Die Auktionierung der Emissionsrechte ist seit der 3. Handelsperiode (2013 – 2020) europaweit die standardmäßige Zuteilungsmethode. Bis zum Jahr 2017 soll es keine kostenlosen Zuteilungen mehr geben. Die verarbeitende Industrie erhielt im Jahr 2013 noch 80 Prozent ihrer Zertifikate kostenlos, in 2020 sollen es nur noch 30 Prozent sein.

Nach der neuen Regelung können Mitgliedstaaten mit einem BIP/Kopf unter 60 Prozent des EU-Durchschnitts dem Energiesektor noch bis zum Jahr 2030 weiterhin kostenlos Zertifikate gewähren.

Carbon Leakage: Die kostenlose Zuteilung von Emissionszertifikaten ist auch nach dem Jahr 2020 für die Sektoren möglich, die emissionshandelsbedingt dem Risiko von Standort- und Emissionsverlagerungen ausgesetzt sind. Die Benchmarks für die kostenlose Zuteilung werden im Einklang mit dem technologischen Fortschritt in den jeweiligen Industriesektoren regelmäßig überprüft.

EU-Energiebinnenmarkt: Bis zum Jahr 2020 soll mindestens der Stromverbund auf zehn Prozent der in der EU vorhandenen Erzeugungskapazitäten gesteigert werden. Eine Steigerung auf 15 Prozent wird bis zum Jahr 2030 in Aussicht gestellt. Insbesondere sollen Spanien, Portugal und die baltischen Staaten besser mit dem bestehenden europäischen Stromnetz verbunden werden.

EU-Energieversorgungssicherheit: Es besteht eine Verständigung in Bezug auf einer vorrangigen Umsetzung kritischer Vorhaben von gemeinsamem Interesse im Gassektor. Dazu gehören unter anderen der Nord-Süd-Korridor, der südliche Gaskorridor, die Förderung eines neuen Gashubs in Südeuropa sowie grundlegende Infrastrukturvorhaben zur Erhöhung der Versorgungssicherheit Finnlands und der baltischen Staaten.

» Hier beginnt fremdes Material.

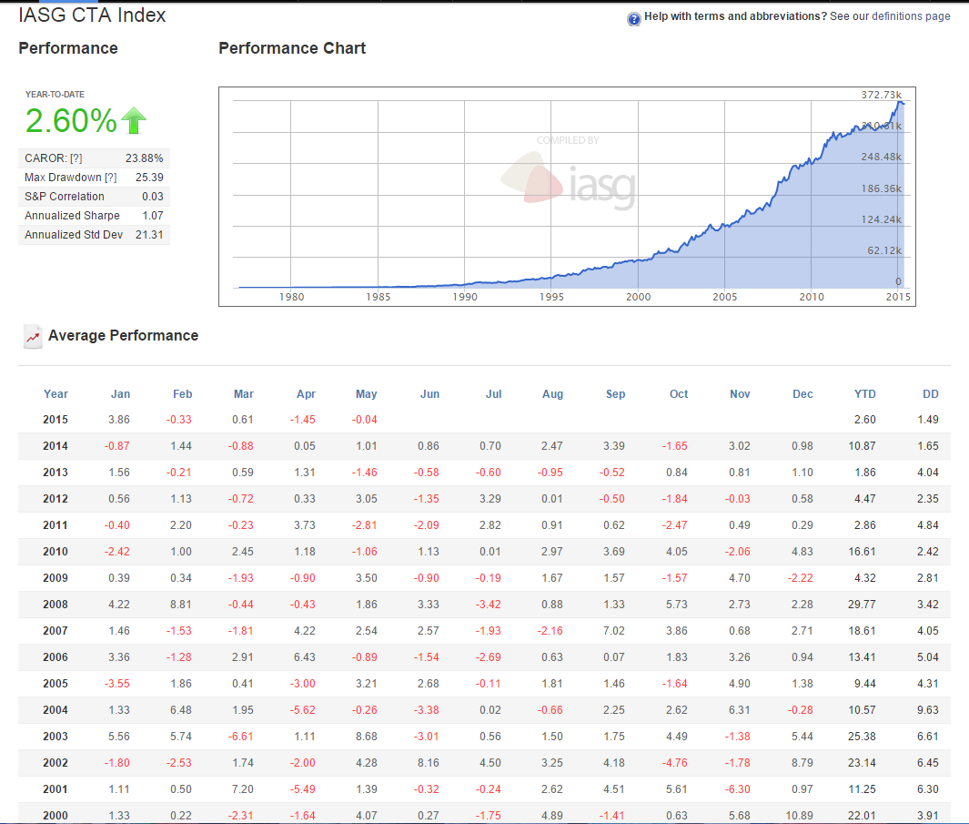 Here is a snapshot of the database as of 6/29/2015. The IASG CTA Index which comprises the managers with a minimum track record of 3 years performance and that performance must be client based. This helps to remove start up CTAs that are really in the strategy development and asset building stage. It is too early in their business to say whether they are going to be available for years to come. Stock Index, Option strategy, Agriculture, and Discretionary CTAs are atop the list of performers with Trend Following Strategies poised to post their 5th consecutive losing month in a row. Here is a snapshot of the index with performance:

Neue Governance-Struktur: Grundsätzlich sollen die Mitgliedstaaten entsprechend ihrem nationalen Energiemix entscheiden können, in welchem Maß sie zur EU-Zielerreichung für den Ausbau der erneuerbaren Energien und die Steigerung der Energieeffizienz beitragen können. So ist es für die Mitgliedstaaten auch möglich, eigene ehrgeizigere nationale Ziele festzulegen und im Einklang mit den EU-Regeln für staatliche Beihilfen zu fördern. Seitens der Mitgliedstaaten ist eine regelmäßige Unterrichtung der Kommission notwendig. Die Kommission überprüft dann anhand bestimmter Indikatoren, ob die EU-Ziele erfüllt werden.

Die Koordinierung der nationalen Energiepolitiken und die regionale Zusammenarbeit zwischen den Mitgliedstaaten soll angereizt und erleichtert werden.